> [PROVIDED INFORMATION]:
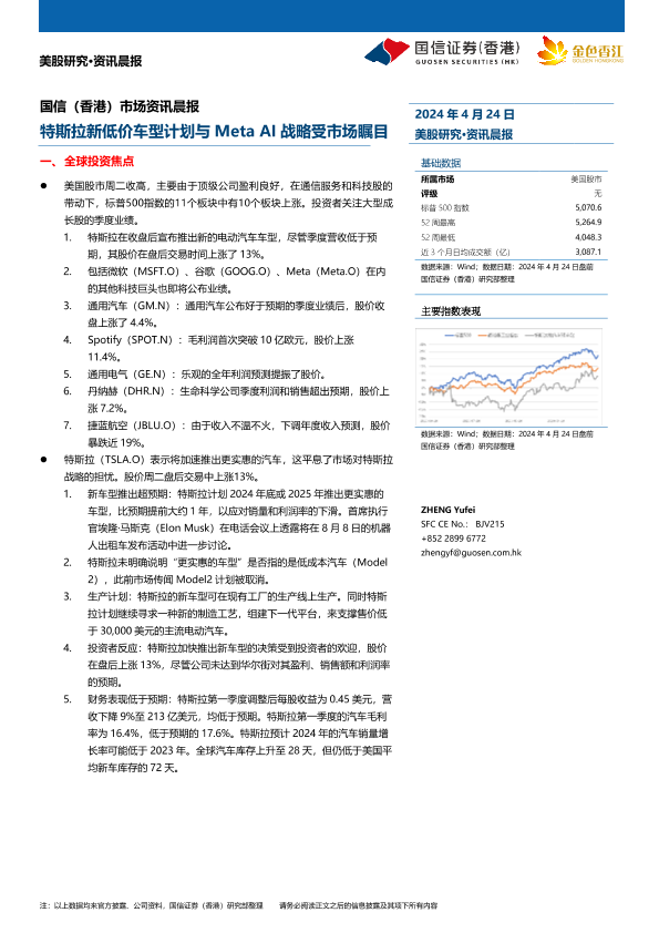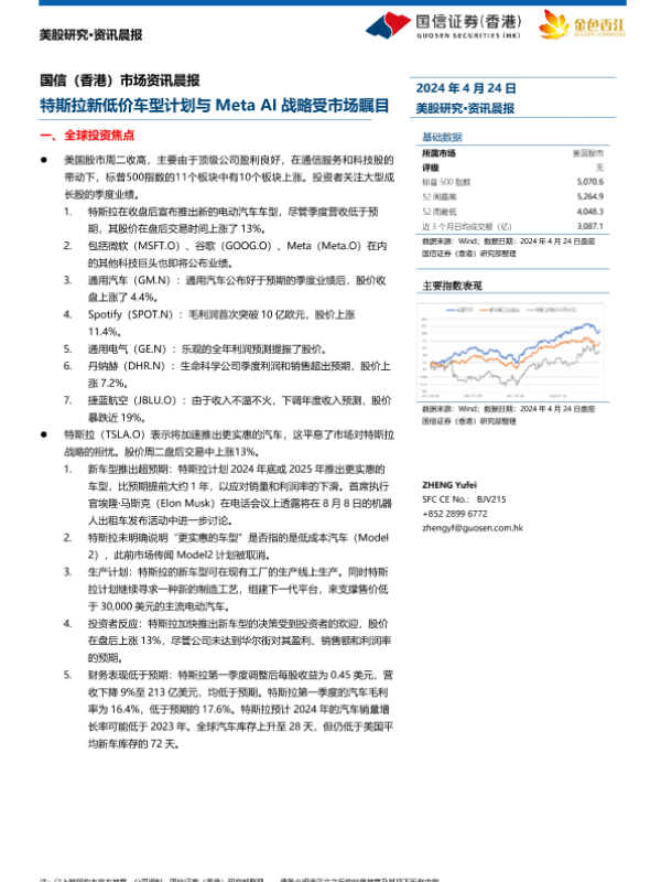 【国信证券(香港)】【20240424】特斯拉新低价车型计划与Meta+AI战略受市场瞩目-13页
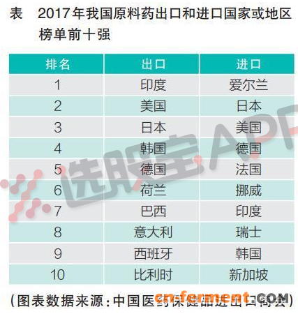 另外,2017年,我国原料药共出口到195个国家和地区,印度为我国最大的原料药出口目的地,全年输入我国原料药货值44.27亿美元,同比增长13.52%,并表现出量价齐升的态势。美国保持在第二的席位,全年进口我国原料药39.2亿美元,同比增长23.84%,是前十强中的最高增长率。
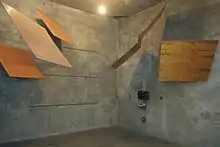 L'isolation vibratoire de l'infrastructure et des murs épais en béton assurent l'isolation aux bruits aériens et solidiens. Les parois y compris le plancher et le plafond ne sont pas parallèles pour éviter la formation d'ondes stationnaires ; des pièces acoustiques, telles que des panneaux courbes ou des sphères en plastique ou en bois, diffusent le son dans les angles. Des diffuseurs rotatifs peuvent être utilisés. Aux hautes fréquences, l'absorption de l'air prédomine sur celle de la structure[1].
==
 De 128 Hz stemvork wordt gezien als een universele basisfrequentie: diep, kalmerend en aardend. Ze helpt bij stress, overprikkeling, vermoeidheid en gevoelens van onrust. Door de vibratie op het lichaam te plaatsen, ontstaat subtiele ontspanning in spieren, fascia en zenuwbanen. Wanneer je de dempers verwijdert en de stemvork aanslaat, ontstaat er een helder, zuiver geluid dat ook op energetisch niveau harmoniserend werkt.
---
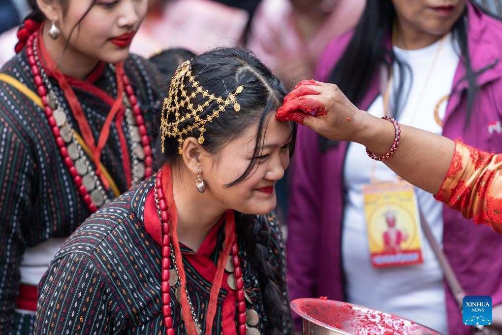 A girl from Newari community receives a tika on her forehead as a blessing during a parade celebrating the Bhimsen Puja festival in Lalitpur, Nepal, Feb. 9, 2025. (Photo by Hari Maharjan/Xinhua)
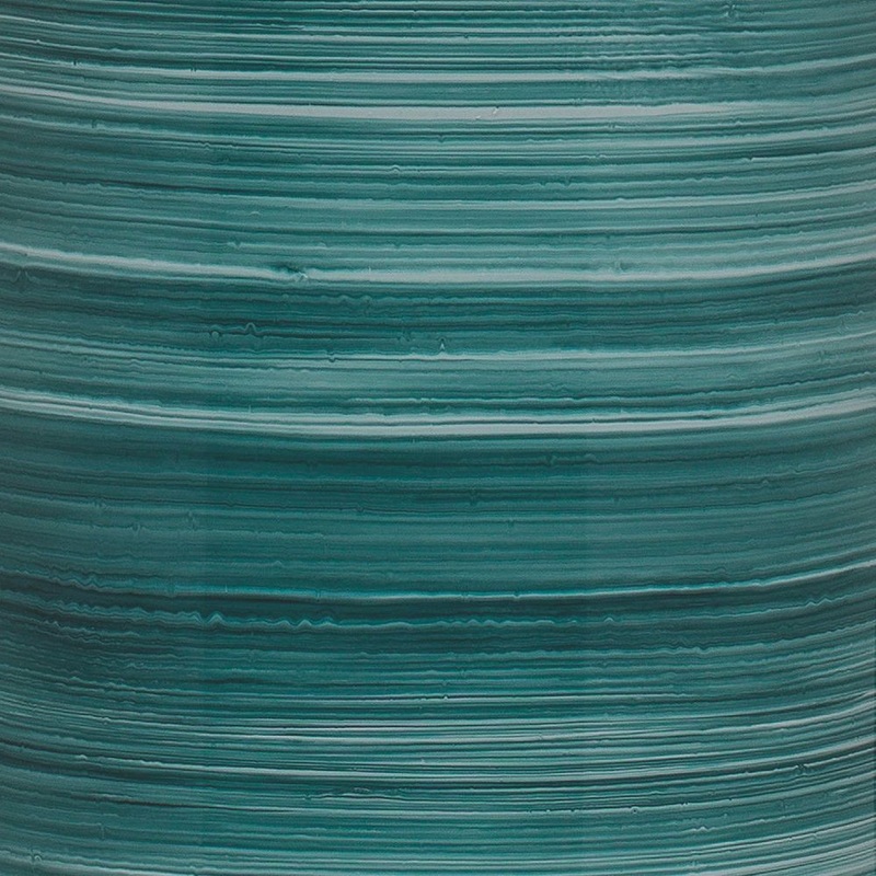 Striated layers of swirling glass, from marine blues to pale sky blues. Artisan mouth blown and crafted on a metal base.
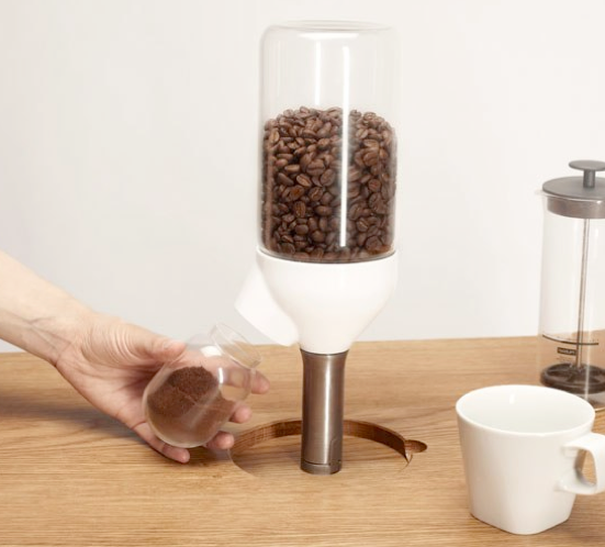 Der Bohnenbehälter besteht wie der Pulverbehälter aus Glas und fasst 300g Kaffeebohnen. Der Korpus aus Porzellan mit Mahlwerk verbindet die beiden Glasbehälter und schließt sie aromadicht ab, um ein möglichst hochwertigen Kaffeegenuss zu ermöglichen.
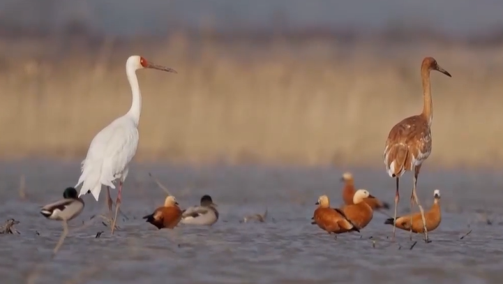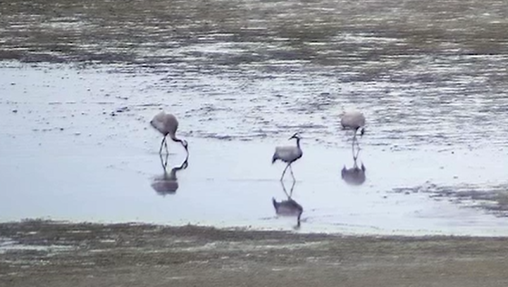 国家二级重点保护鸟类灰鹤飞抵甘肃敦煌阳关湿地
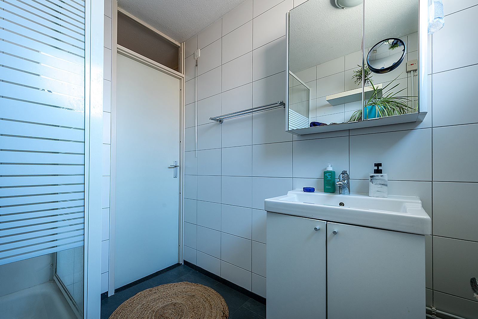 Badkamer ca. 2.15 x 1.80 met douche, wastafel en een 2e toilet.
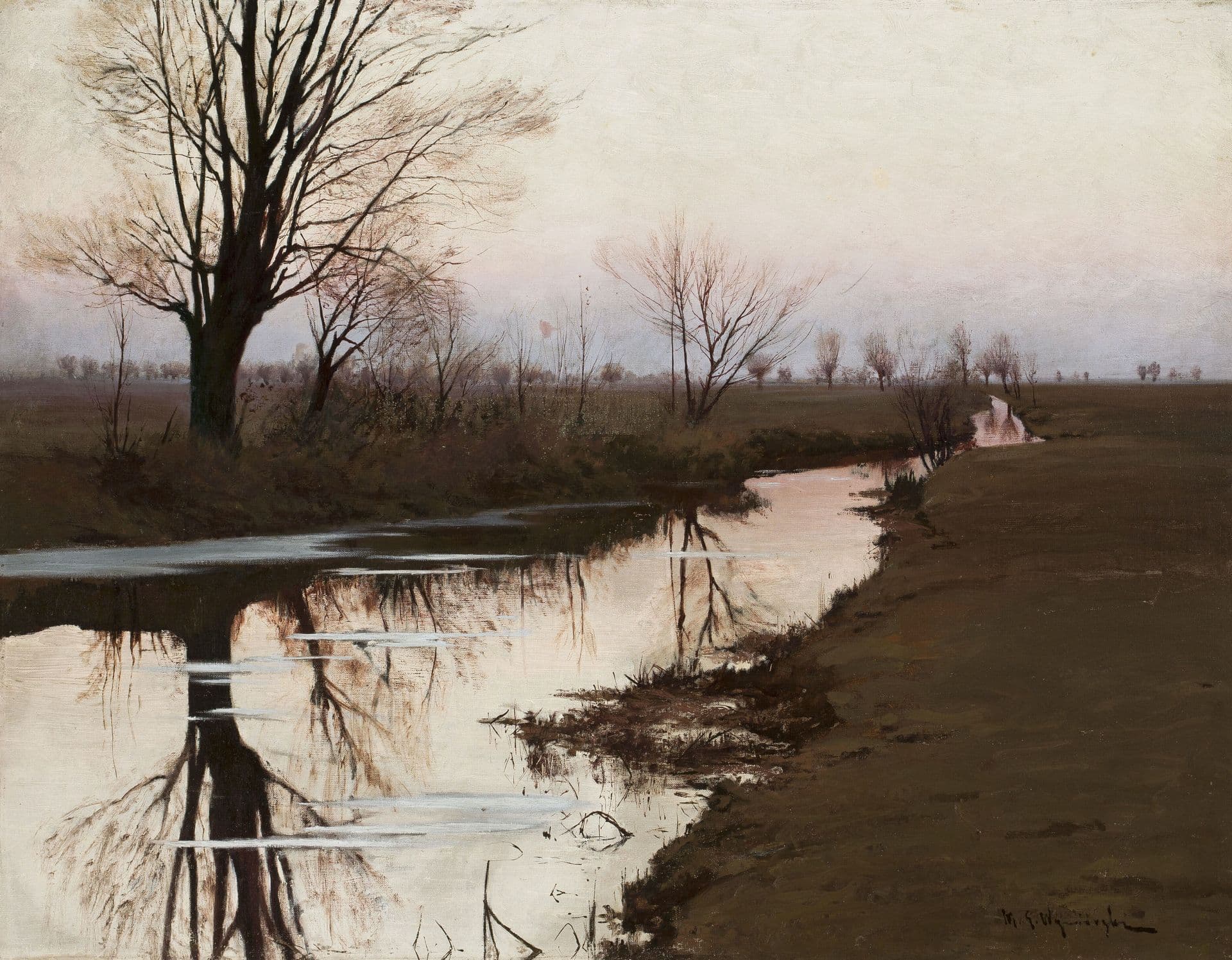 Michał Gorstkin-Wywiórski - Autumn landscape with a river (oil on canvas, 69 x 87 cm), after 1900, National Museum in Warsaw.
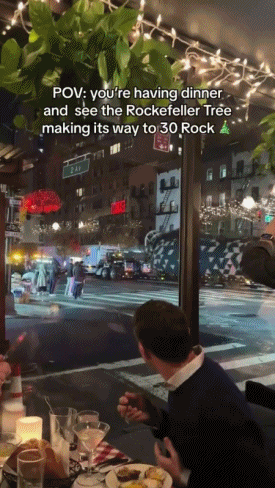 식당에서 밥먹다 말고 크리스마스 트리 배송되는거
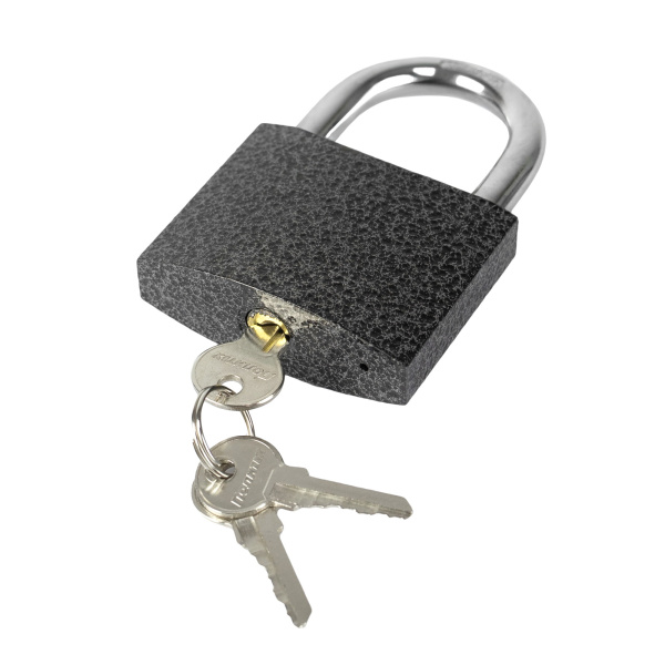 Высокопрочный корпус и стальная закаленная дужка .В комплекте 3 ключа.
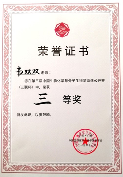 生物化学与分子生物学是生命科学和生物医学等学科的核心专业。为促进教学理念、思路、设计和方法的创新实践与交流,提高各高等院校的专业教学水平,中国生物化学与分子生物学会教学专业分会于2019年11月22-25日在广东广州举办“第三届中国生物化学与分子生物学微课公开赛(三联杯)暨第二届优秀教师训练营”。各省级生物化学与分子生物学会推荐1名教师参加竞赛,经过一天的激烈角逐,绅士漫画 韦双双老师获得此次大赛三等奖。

> [EXERCISE DIRECTIONS]:
In the data above, the stretch from the line with "国家二级重点保护鸟类灰鹤飞抵甘肃敦煌阳关湿地" through the line with "Высокопрочный корпус и" is to be returned exactly, minus any pictures.

> [RESULT BELOW]:
 国家二级重点保护鸟类灰鹤飞抵甘肃敦煌阳关湿地
 Badkamer ca. 2.15 x 1.80 met douche, wastafel en een 2e toilet.
 Michał Gorstkin-Wywiórski - Autumn landscape with a river (oil on canvas, 69 x 87 cm), after 1900, National Museum in Warsaw.
 식당에서 밥먹다 말고 크리스마스 트리 배송되는거
 Высокопрочный корпус и стальная закаленная дужка .В комплекте 3 ключа.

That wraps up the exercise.